There are times when the business of analyzing and writing about investment markets takes on the characteristics of a hamster on a wheel. Over and over again we cover the same ground – the Fed, the latest jobs report, the net inflows and outflows into bonds and equities – and our main worry is to make sure we’re not repeating verbatim the thing we wrote about the week before.
Suffice it to say that this has not been one of those weeks. A whole decade’s worth of news took place between the time we published our commentary last Friday and today. Seven days in which Europe collectively snapped out of a fog, tossing out the short-term calculus of natural gas prices in favor of the foundational philosophical principles on which the European Union was constructed. In which one man, Ukraine’s president Volodymyr Zelensky, exhibited a level of personal bravery we may well have thought would never be seen again in a world political leader. In which Switzerland, a country that stayed resolutely on the sidelines throughout the entirety of the Second World War, pushed forward with sanctions of its own against the bank accounts of Russian oligarchs.
And, finally, seven days in which the set-piece backdrop of the social, political and economic order of the world we have known, to a greater or lesser extent, since 1991 is no longer something to simply assume is there. As hard as it may be, at some point we will have to look up from the map of Ukraine, Russia and Belarus and think hard about the implications for other parts of the world. This may be a time when the trusted old saw of “geopolitics don’t affect markets” will be laid to rest. Not because of Russia and Ukraine specifically – outside the realm of energy, certain metals and agriculture these countries do not exert a major impact on the world economy – but very much because of those “other parts of the world” we just mentioned, none more so than China.

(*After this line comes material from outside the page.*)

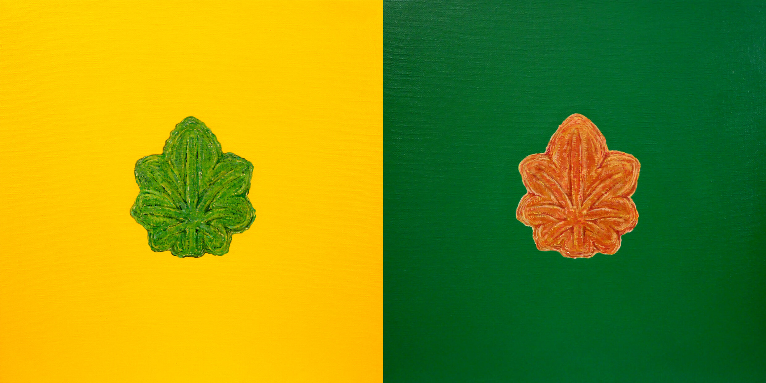 本シリーズは、グローバリズムの終焉とともに閉じてゆく世界を風刺するものである。そのモチーフとして、外国人に大麻をかたどったと勘違いされることもある広島名物「もみじまんじゅう」を用いる。これを各国の国旗から引用した色面に配置し、単なるまんじゅうが場所や文脈によって異なる解釈がなされることを表す。また、緑に着色した方はまんじゅう自体に大麻を含ませ、もう一方は大麻を混ぜた絵の具で描画する。つまり、片方はあくまで絵画上の大麻のイメージ、もう一方は大麻という物質そのものとする。これを並置することで、絵画というフィクションと現実とを対比させると同時に、芸術に法律を、法律に芸術をからみつかせ、「たかが」芸術では終わらない不安定な状態を作り出す。私は本作を大麻が合法となっている米国カリフォルニア州において制作するが、当然これを持ち込めない国も出てくる。それは、我々がかつて信仰したグローバリズムが幻想であったことを雄弁に物語るのではないだろうか。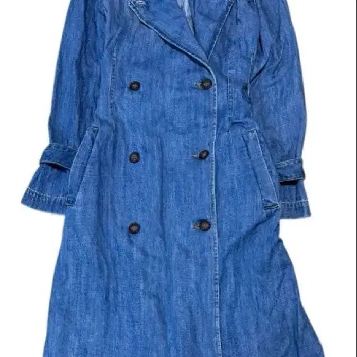 데님 블루 더블 브레스트 트렌치 롱 코트

The Specter of Stagflation
So the set-piece backdrop has changed, but we will still be faced from week to week with the same kind of questions about economics and financial markets that we have always had. One question is very much on our minds today as we think about the potential economic consequences of the war, and that is stagflation. If you read the annual outlook we published back in January, you may recall that we talked about stagflation as less likely than other outcomes from the current inflationary cycle. That argument had two core components: first, that inflation resulting from the confluence of robust demand and constricted supply would likely unwind meaningfully over the course of 2022; and, second, that the Fed would attach its full efforts to a credible inflation-fighting program through systematic interest rate increases and winding down its inflated balance sheet.
The Fed is still committed to this goal, as Fed chair Powell affirmed in Congressional testimony this week. But the Ukrainian situation complicates matters due to the elevated level of uncertainty and certain risks that could impact global economic growth. The idea of a kind of “shock and awe” anti-inflationary program – say, by raising the Fed funds rate by half a percent in March rather than the more customary quarter-precent, or even raising rates in between FOMC meetings – is now completely off the table. The Fed will proceed, but it will proceed cautiously.

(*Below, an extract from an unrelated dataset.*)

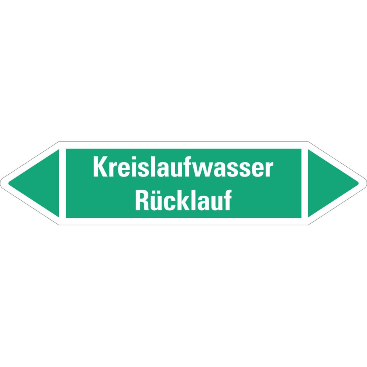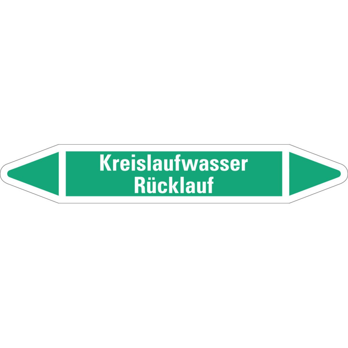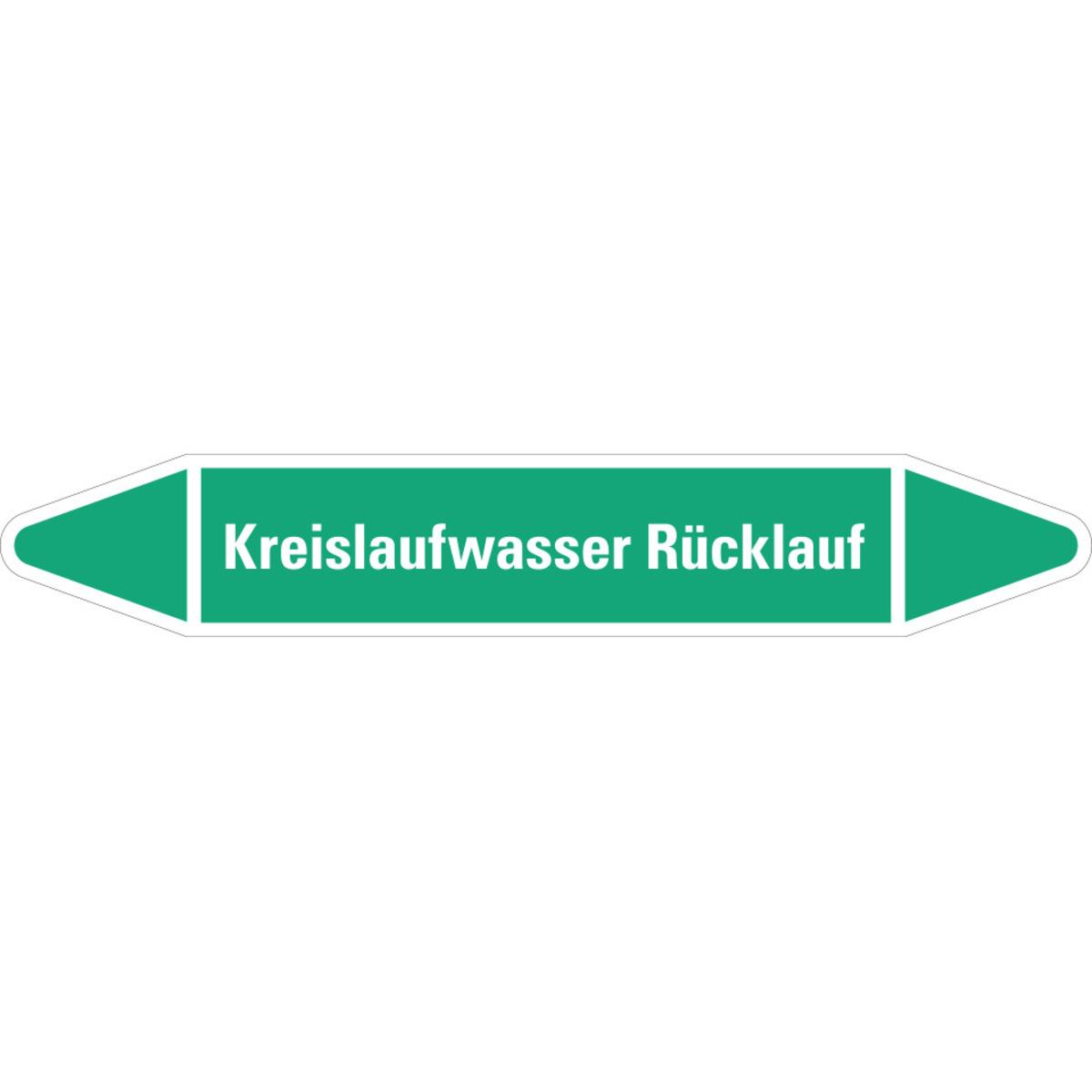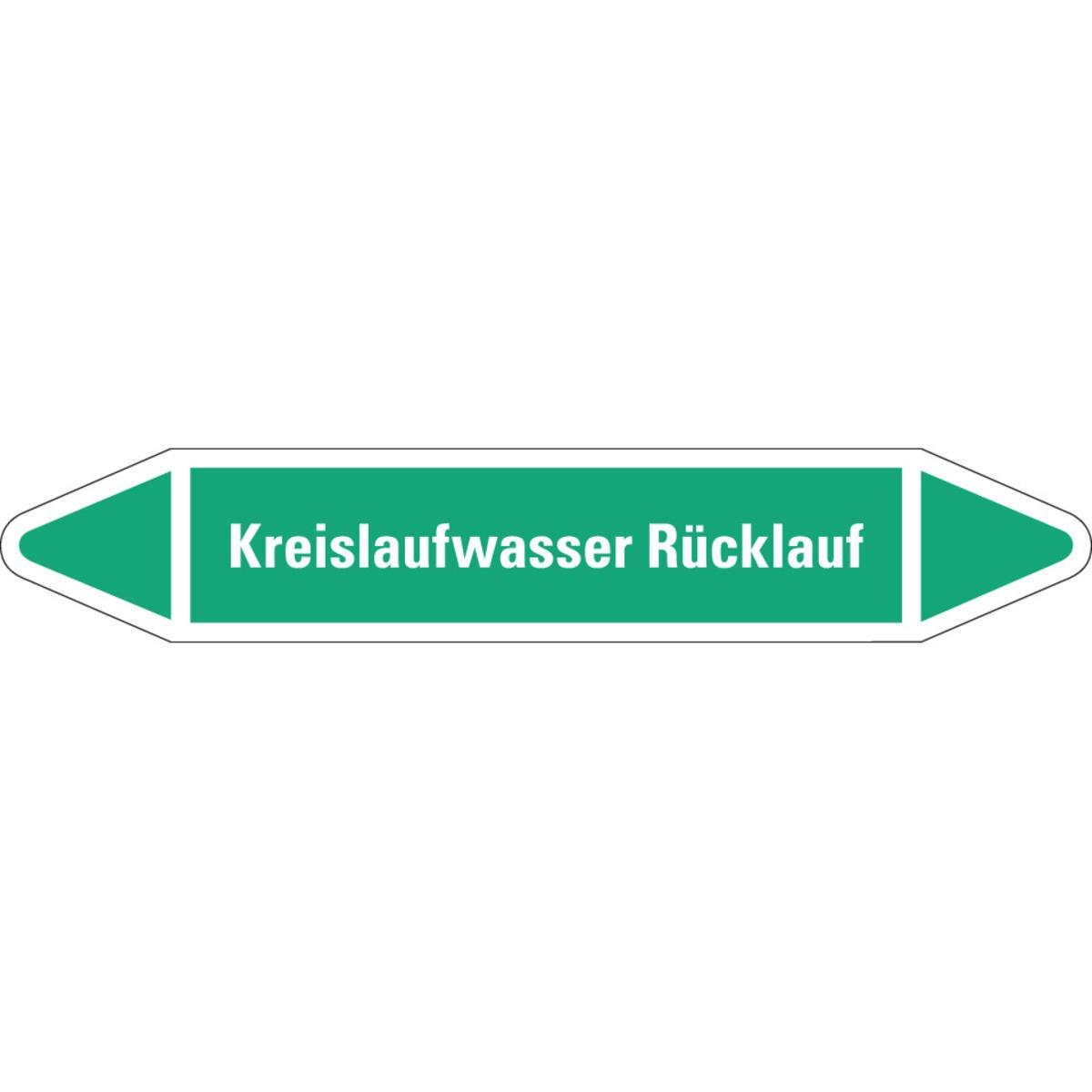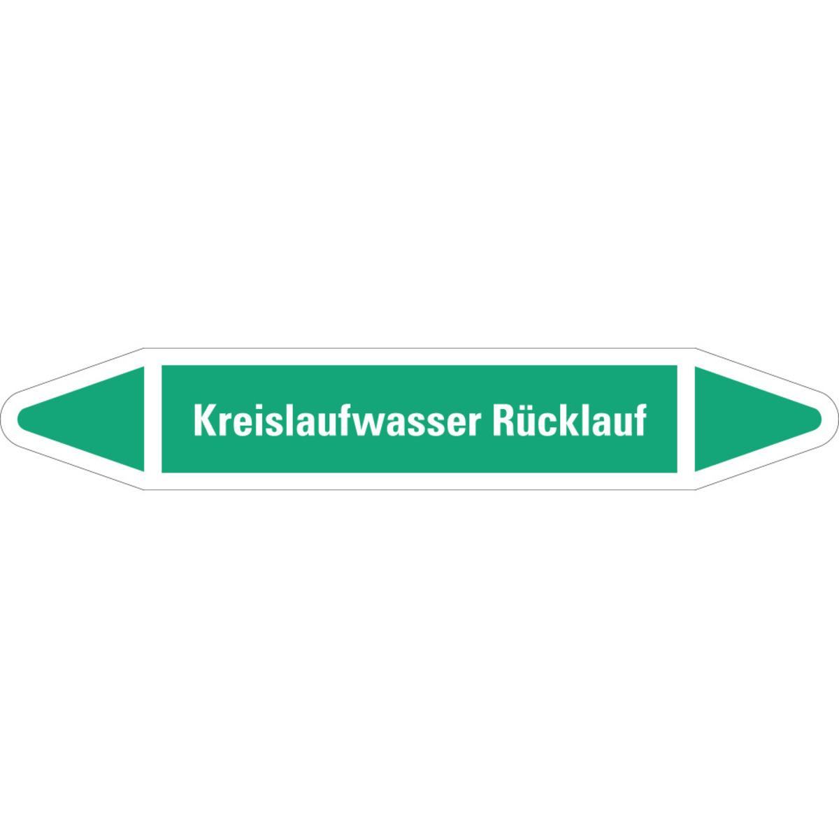 Auswahl: RKZ-Etikett Kreislaufwasser Rücklauf, grün/weiß, für Ø 25-40mm, 154x26mm, 5/Bogen

Unfortunately, the net economic impact of the war in Ukraine will likely be to push inflation even higher, as prices for those commodities which Russia exports such as oil, gas, aluminum and wheat respond to the encroaching effect of sanctions. This will likely happen even as the Fed has to dial down the intensity of its monetary tightening. If (and it is still a sizable if) growth turns out to be lower than expected then we potentially have the ingredients in place for stagflation – low growth and high prices.
We still believe, as we expressed in our annual outlook, that a prolonged cycle of stagflation is not the most likely economic outcome ahead. But we would also ascribe a higher probability to it than we did six weeks ago. The overall level of uncertainty is higher – and for now that is going to have to be an assumption we bake into our ongoing analysis.